[Exercise requirements]:
Pictures in the records below must be left out. Return exactly the lines from the line with "Description: Rare hard" to the line with "Canvastavlor 3x50x100cm (Totalt", both included.

(The records begins)

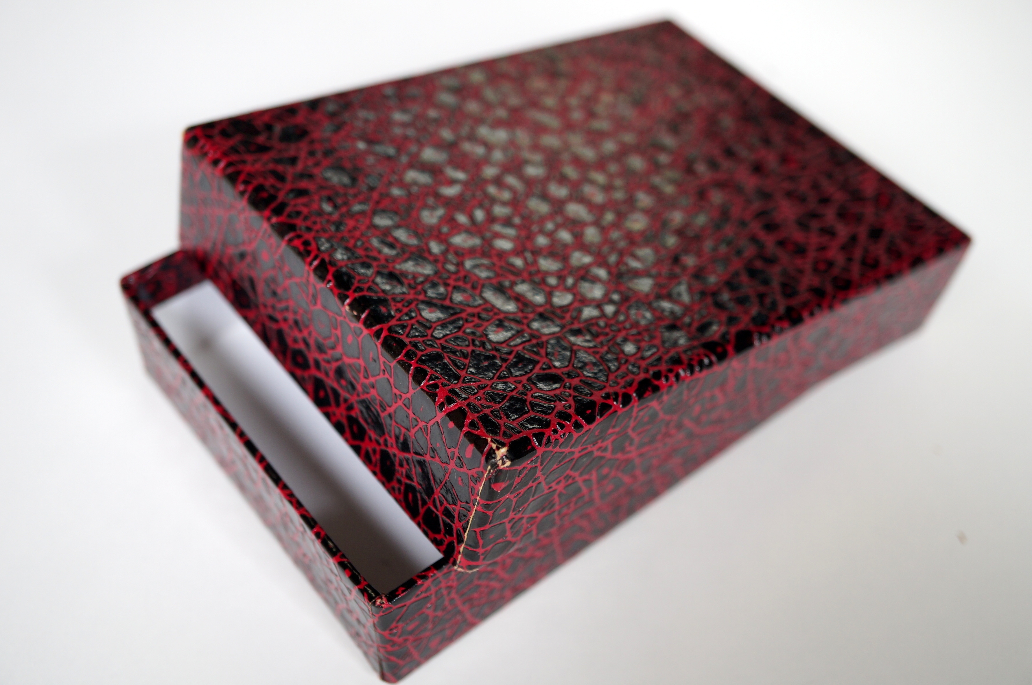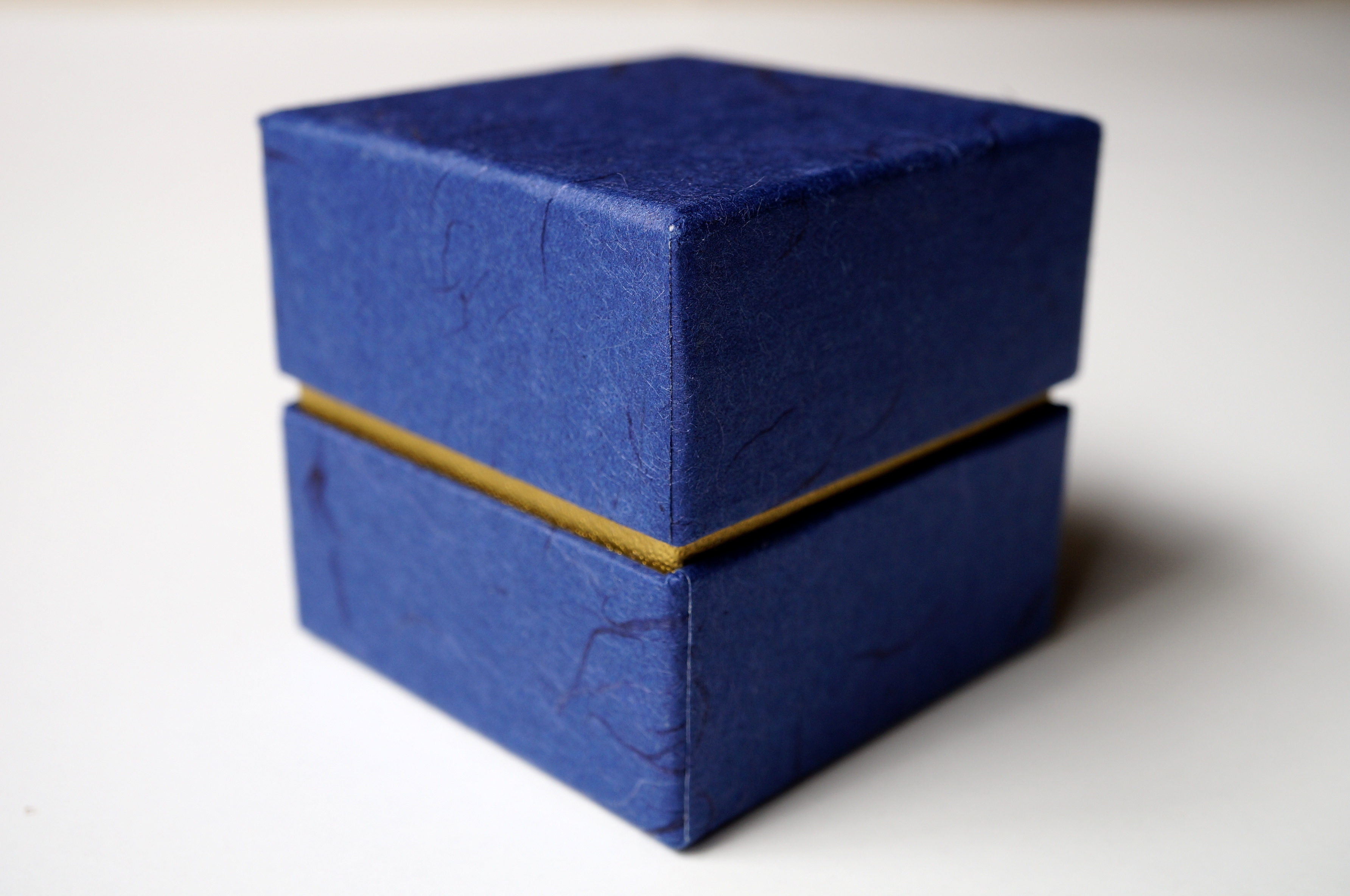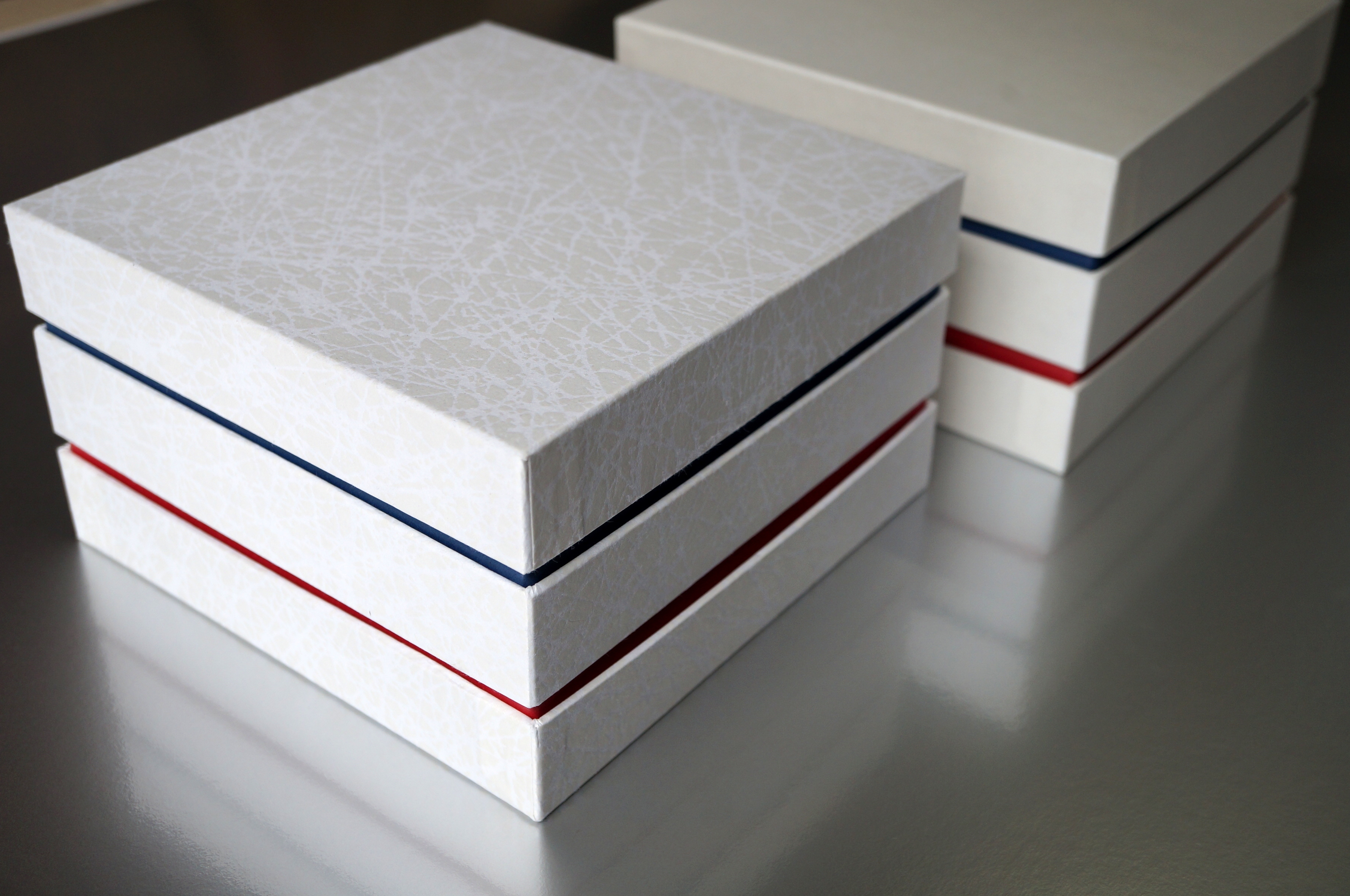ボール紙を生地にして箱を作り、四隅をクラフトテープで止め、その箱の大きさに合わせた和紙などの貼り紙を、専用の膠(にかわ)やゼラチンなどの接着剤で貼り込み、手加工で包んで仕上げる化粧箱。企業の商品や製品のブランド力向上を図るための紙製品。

(The records ends)
(The records begins)

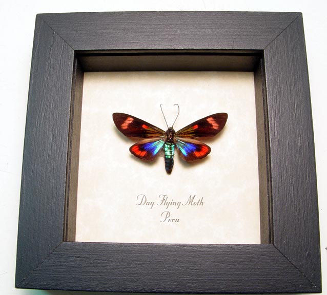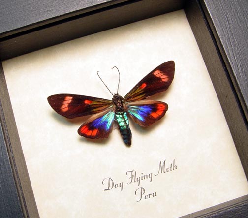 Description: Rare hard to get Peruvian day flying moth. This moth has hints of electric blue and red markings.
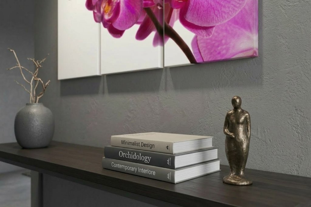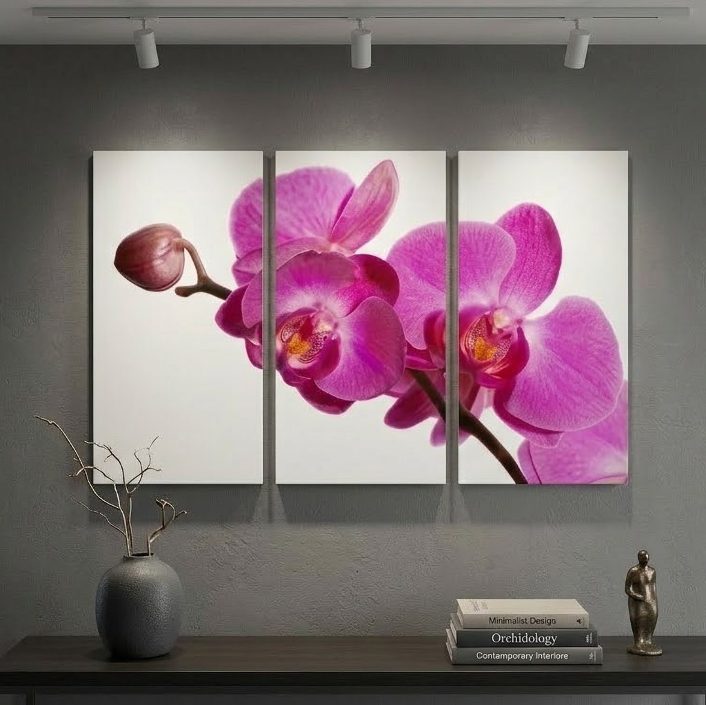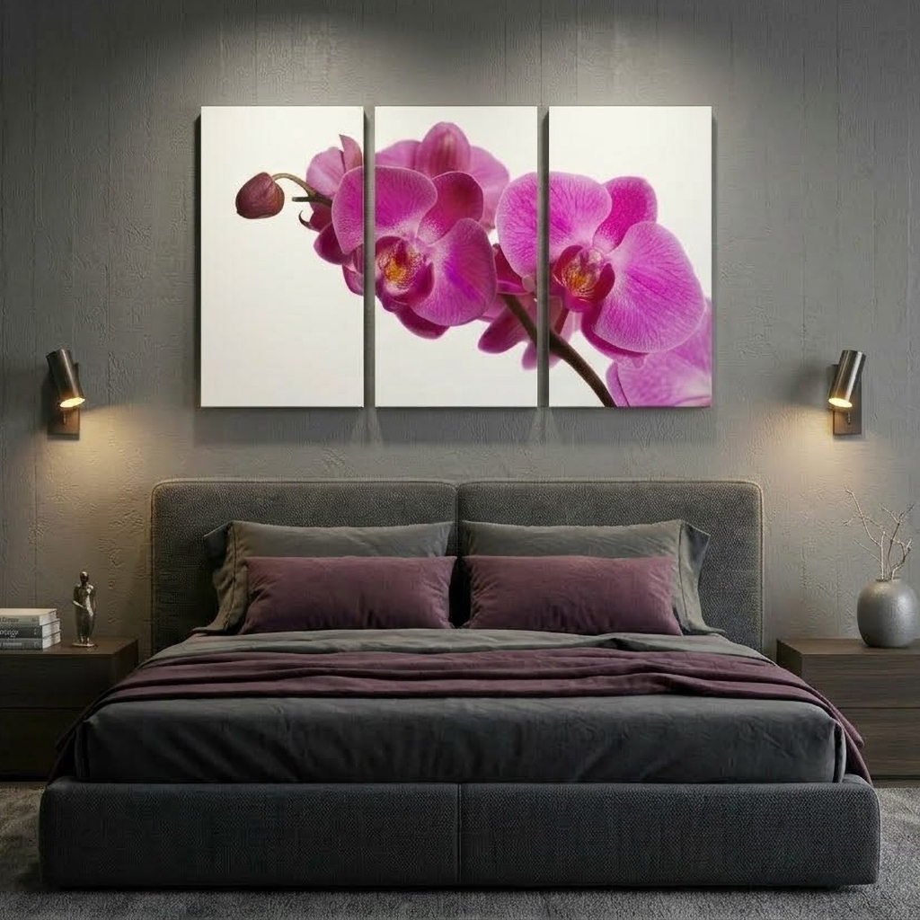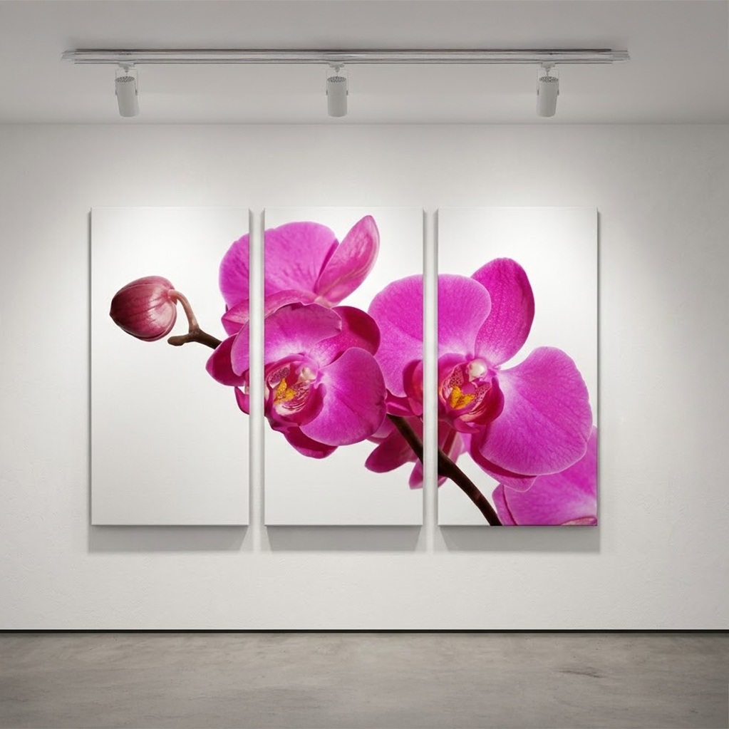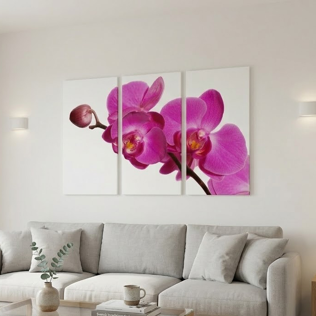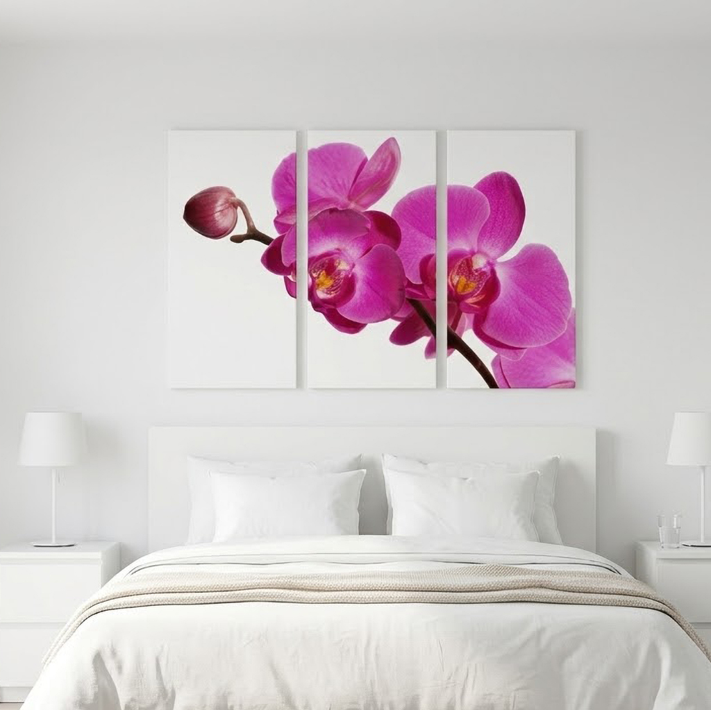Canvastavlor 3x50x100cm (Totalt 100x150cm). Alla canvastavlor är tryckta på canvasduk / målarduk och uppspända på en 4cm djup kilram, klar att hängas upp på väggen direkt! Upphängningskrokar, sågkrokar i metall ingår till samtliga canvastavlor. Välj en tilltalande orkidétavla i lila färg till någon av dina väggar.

(The records ends)

[Reply to the task]:
 Description: Rare hard to get Peruvian day flying moth. This moth has hints of electric blue and red markings.
Canvastavlor 3x50x100cm (Totalt 100x150cm). Alla canvastavlor är tryckta på canvasduk / målarduk och uppspända på en 4cm djup kilram, klar att hängas upp på väggen direkt! Upphängningskrokar, sågkrokar i metall ingår till samtliga canvastavlor. Välj en tilltalande orkidétavla i lila färg till någon av dina väggar.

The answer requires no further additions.